Dominic Salvatore "Don" Gentile (December 6, 1920 – January 28, 1951), also known as "Ace of Aces", was a World War II USAAF pilot who surpassed Eddie Rickenbacker's World War I record of 26 downed aircraft.  He later served in the post-war U.S. Air Force.

Early life
Gentile was born in Piqua, Ohio, the son of Italian immigrants Patsy and Josephina Gentile, who immigrated in 1907. After a fascination with flying as a child, his father provided him with his own plane, an Aerosport Biplane. He managed to log over 300 hours flying time by July 1941, when he attempted to join the Army Air Forces.

Royal Canadian Air Force
The U.S. military required two years of college for its pilots, which Gentile did not have, so he enlisted in the Royal Canadian Air Force and was posted to the UK in 1941. Gentile flew  the Supermarine Spitfire Mark V with No. 133 Squadron, one of the famed "Eagle Squadron" during 1942. His first kills (a Ju 88 and Fw 190) were on August 19, 1942, during Operation Jubilee.

4th Fighter Group
In September 1942, the Eagle squadrons transferred to the USAAF, becoming the 4th Fighter Group. Gentile became a flight commander in September 1943, now flying the P-47 Thunderbolt. Having been Spitfire pilots, Gentile and the other pilots of the 4th were displeased when they transitioned to the heavy P-47. On 16 December 1943 Gentile claimed a third-share destroyed Ju-88. On 5 January 1944, he claimed a Fw-190 west of Tours. Two Fw-190s were claimed on 14 January and a single 190 on 25 February.
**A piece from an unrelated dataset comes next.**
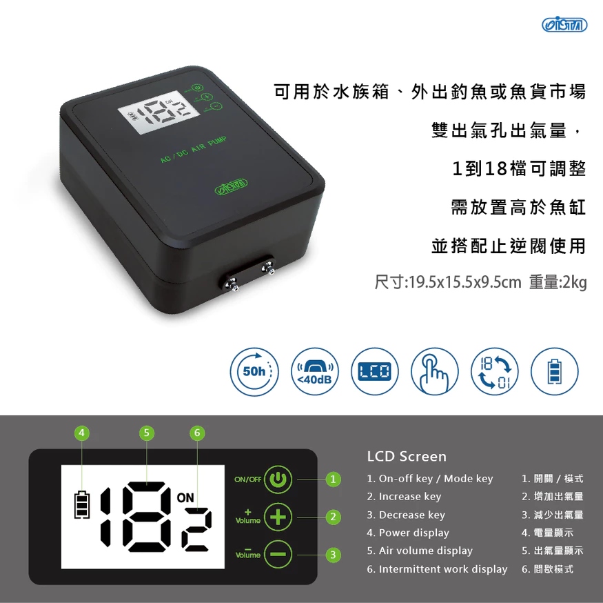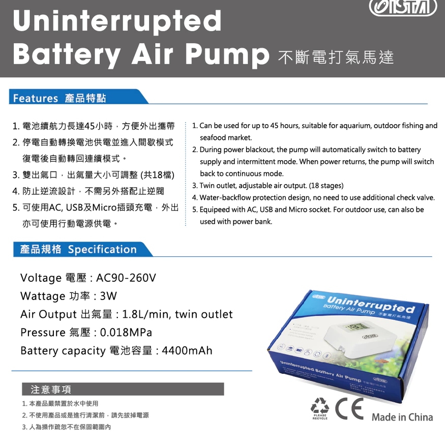 3.AC/DC兩用不斷電打氣幫浦,停電/來電時自動切換。

By late 1943, Group Commander Col. Don Blakeslee pushed for re-equipment with the lighter, more maneuverable P-51 Mustang. Conversion to the P-51B at the end of February 1944 allowed Gentile to build a tally of 15.5 additional aircraft destroyed between March 3 and April 8, 1944.
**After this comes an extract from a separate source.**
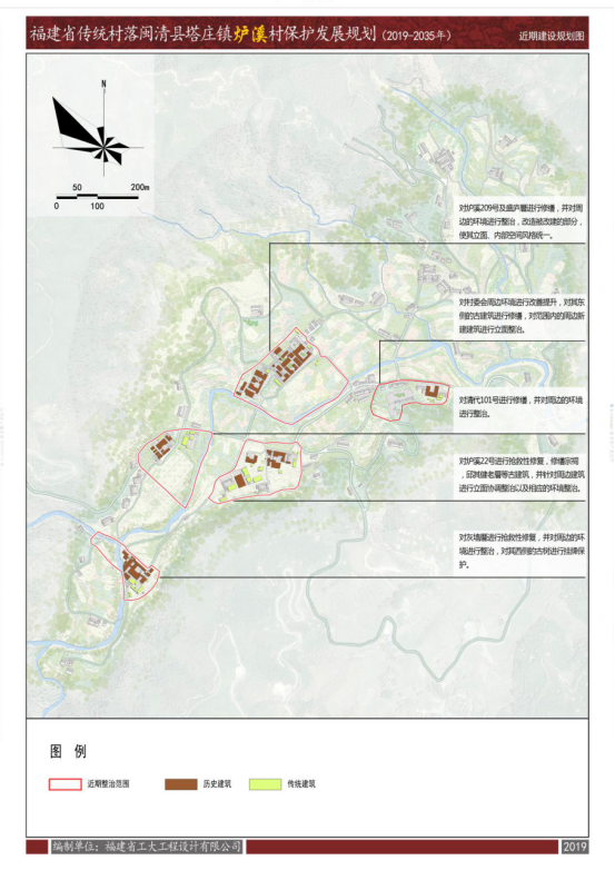 近期建设:炉溪村近期建设主要目的是提升村庄整体风貌。精心完成灰墙厝、炉溪22号、炉溪101号、炉溪209号、盛庐楼等6座古民居的修缮、维护工作;重点完成公共厕所、停车场、消火栓、垃圾桶等基础设施建设,改善村民居住环境,提升村庄整体景观风貌。

His first victory flying the P-51 was on 3 March, when he claimed a Do 217 in the Wittemburg area.

After downing three more planes on April 8, he was the top scoring 8th Air Force ace when he crashed his personal P-51, named "Shangri La", on April 13, 1944, while stunting over the 4th FG's airfield at Debden for a group of assembled press reporters and movie cameras. Blakeslee immediately grounded Gentile as a result, and he was sent back to the US for a tour selling war bonds. In 1944, Gentile co-wrote with well-known war correspondent Ira Wolfert One Man Air Force, an autobiography and account of his combat missions.
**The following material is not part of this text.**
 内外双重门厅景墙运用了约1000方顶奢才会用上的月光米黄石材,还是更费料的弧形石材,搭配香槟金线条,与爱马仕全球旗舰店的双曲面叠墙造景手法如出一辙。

His final tally of credits was 29.83 aerial victories and 3 damaged,  with 6 ground kills, in 350 combat hours flown. He also claimed two victories while with the RAF.

Note in the accompanying color photograph, that the shroud, normally surrounding the six exhausts for smoother air flow, has been removed. This was a common practice for pilots in "the heat" of combat, where any extra cooling to the engine was helpful towards performance.

Together with his wingman John T. Godfrey, they were known as 'Captains Courageous', 'The Two Man Air Force', 'Messerschmitt Killers', or 'Damon and Pythias'.

Post war
After the war, he stayed with the Air Force, as a test pilot at Wright Field, as a Training Officer in the Fighter Gunnery Program, and as a student officer at the Air Tactical School. In June 1949, Gentile enrolled as an undergraduate studying military science at the University of Maryland.

Death
On January 28, 1951, he was killed when he crashed in a T-33A-1-LO Shooting Star trainer, AF Ser. No. 49-0905, in Forestville, Maryland, leaving behind his wife Isabella Masdea Gentile Beitman (deceased October 2008), and sons Don Jr., Joseph and Pasquale.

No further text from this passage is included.